## Exercise objective:
In full and exactly, please return the records, but keep out the pictures.

┏━━

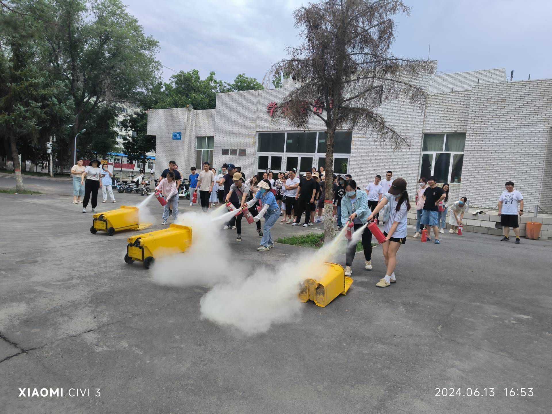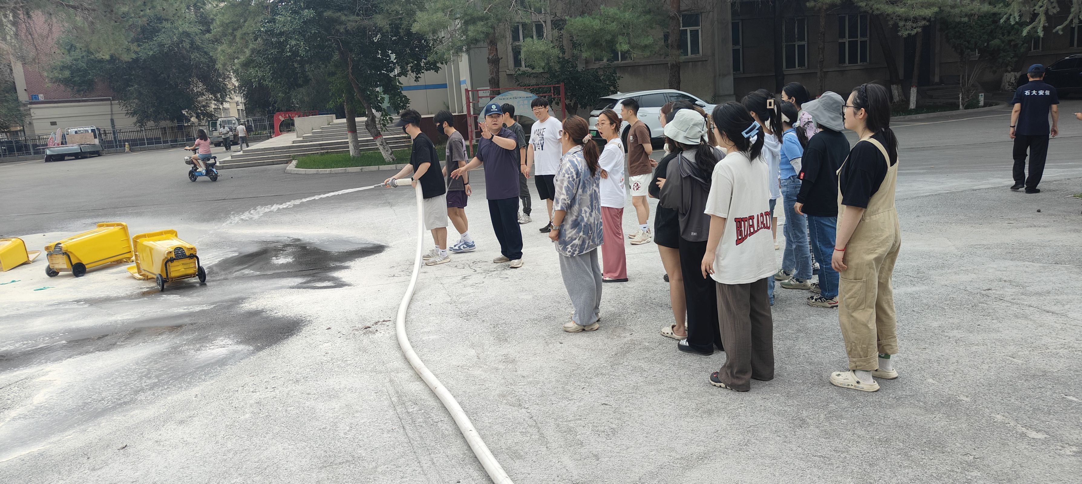 户外,师生们分组进行了灭火器、消防栓的实操训练,充分学习并掌握基本消防器材的使用方法。
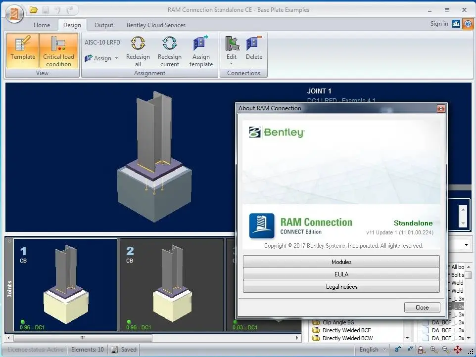Bentley Systems Incorporated, the leading company dedicated to providing comprehensive software solutions for sustaining infrastructure, has released the 11.01.00.224 version of RAM Connection CONNECT Edition. This software offers the best flexibility for the design of different shear, moment, braces, splices and base plates connection types.
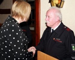 Zwei Kameraden wurden mit der Auszeichnung des Feuerwehr-Ehrenkreuzes überrascht. Der Bezirksbrandmeister, Donald Niehues, konnte Günter Setzpfand und Günter Kendzierski für außergewöhnliche Verdienste mit dem Feuerwehr Ehrenkreuz in Bronze auszeichnen.
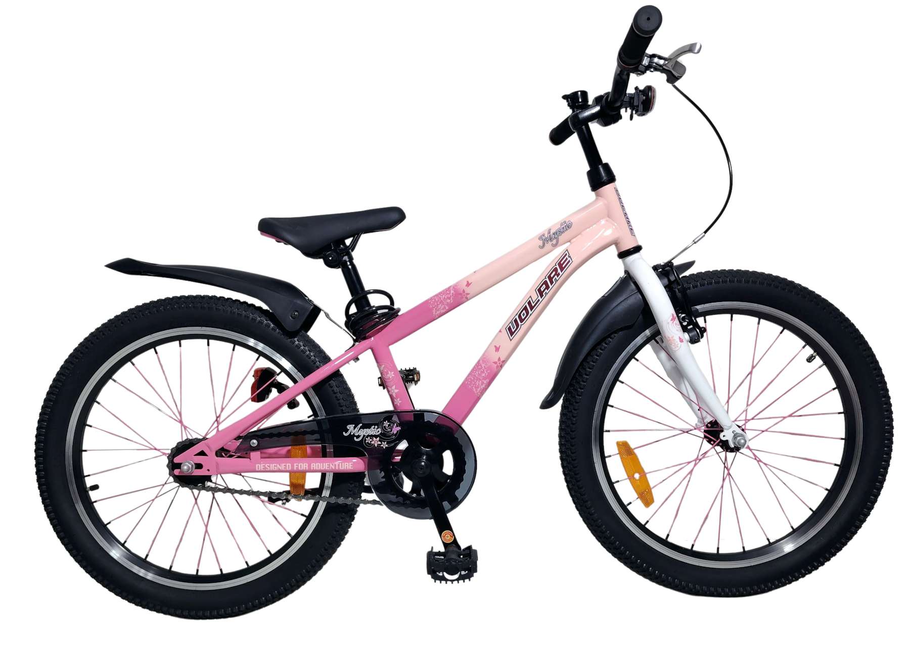 Dankzij de verlichting aan de voor- en achterkant is je kind ook goed zichtbaar in het donker of bij slecht weer. Het sportieve karakter van de Volare Mystic wordt versterkt door de roze spaken, die de fiets een unieke en opvallende uitstraling geven. Voor extra gemak en veiligheid is de fiets voorzien van een slot en een duidelijke bel.
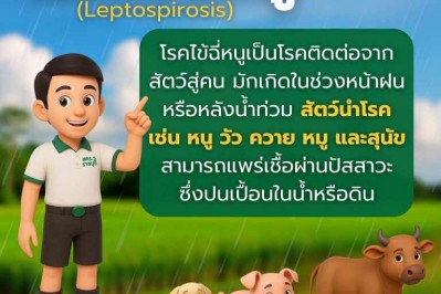 หน้าฝน ระวัง! โรคไข้ฉี่หนู โรคติดต่อจากสัตว์สู่คน เกิดจากปัสสาวะของหนู วัว ควาย หมู หรือสุนัข ที่ปนเปื้อนในน้ำหรือดิน พบมากหลังฝนตก น้ำท่วม หรือทำงานในพื้นที่ชื้นแฉะ
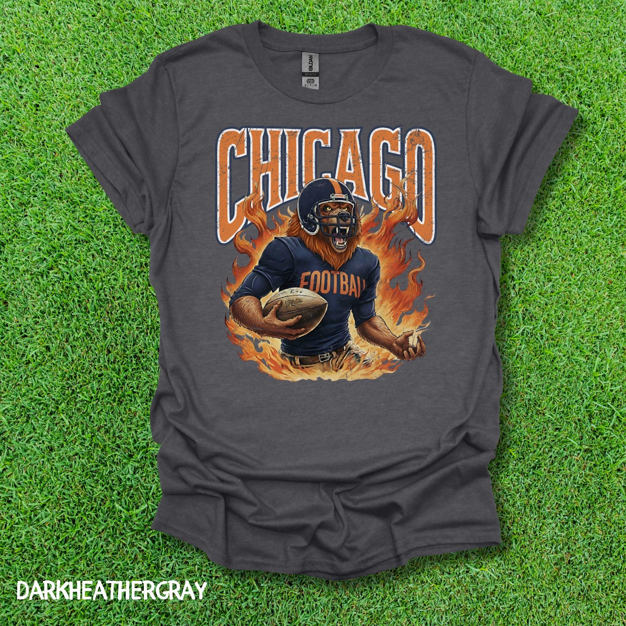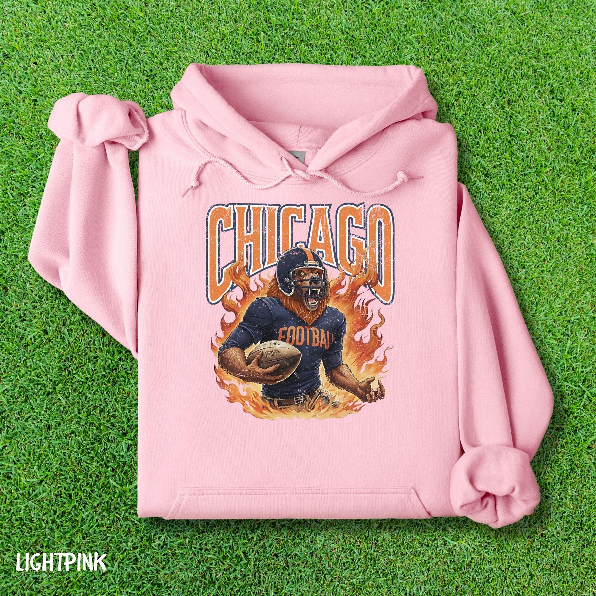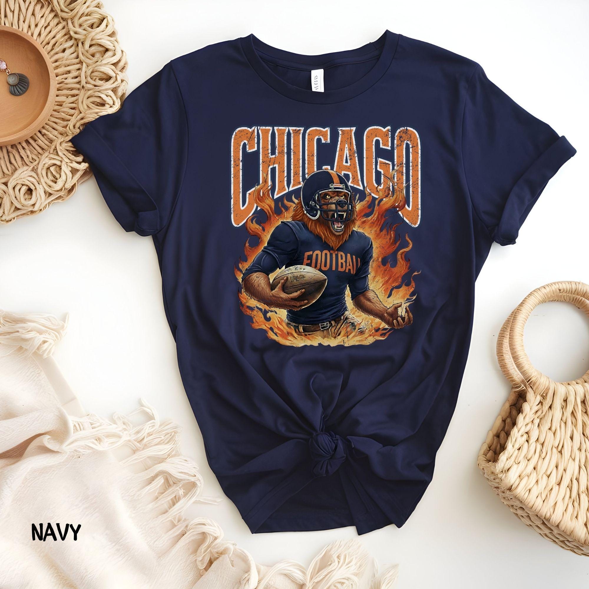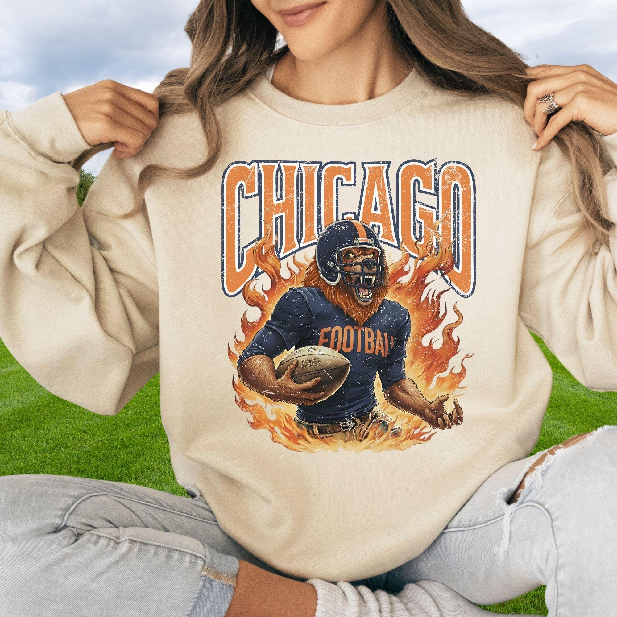 Step up your game-day style with this edgy Chicago Football graphic. Featuring a vintage distressed print of a flaming monster mascot, this design is the perfect non-official apparel for dedicated fans. Unlike mass-produced team gear, this unique hoodie and sweatshirt design offers a retro, alternative look that still captures the intense spirit of Chicago football. It's built for ultimate comfort and lasting quality, ideal for weekend wear, tailgating, or everyday casual style. Available as a shirt, t-shirt, or cozy layer.

┗━━

## Answer to this task:
 户外,师生们分组进行了灭火器、消防栓的实操训练,充分学习并掌握基本消防器材的使用方法。
Bentley Systems Incorporated, the leading company dedicated to providing comprehensive software solutions for sustaining infrastructure, has released the 11.01.00.224 version of RAM Connection CONNECT Edition. This software offers the best flexibility for the design of different shear, moment, braces, splices and base plates connection types.
 Zwei Kameraden wurden mit der Auszeichnung des Feuerwehr-Ehrenkreuzes überrascht. Der Bezirksbrandmeister, Donald Niehues, konnte Günter Setzpfand und Günter Kendzierski für außergewöhnliche Verdienste mit dem Feuerwehr Ehrenkreuz in Bronze auszeichnen.
 Dankzij de verlichting aan de voor- en achterkant is je kind ook goed zichtbaar in het donker of bij slecht weer. Het sportieve karakter van de Volare Mystic wordt versterkt door de roze spaken, die de fiets een unieke en opvallende uitstraling geven. Voor extra gemak en veiligheid is de fiets voorzien van een slot en een duidelijke bel.
 หน้าฝน ระวัง! โรคไข้ฉี่หนู โรคติดต่อจากสัตว์สู่คน เกิดจากปัสสาวะของหนู วัว ควาย หมู หรือสุนัข ที่ปนเปื้อนในน้ำหรือดิน พบมากหลังฝนตก น้ำท่วม หรือทำงานในพื้นที่ชื้นแฉะ
 Step up your game-day style with this edgy Chicago Football graphic. Featuring a vintage distressed print of a flaming monster mascot, this design is the perfect non-official apparel for dedicated fans. Unlike mass-produced team gear, this unique hoodie and sweatshirt design offers a retro, alternative look that still captures the intense spirit of Chicago football. It's built for ultimate comfort and lasting quality, ideal for weekend wear, tailgating, or everyday casual style. Available as a shirt, t-shirt, or cozy layer.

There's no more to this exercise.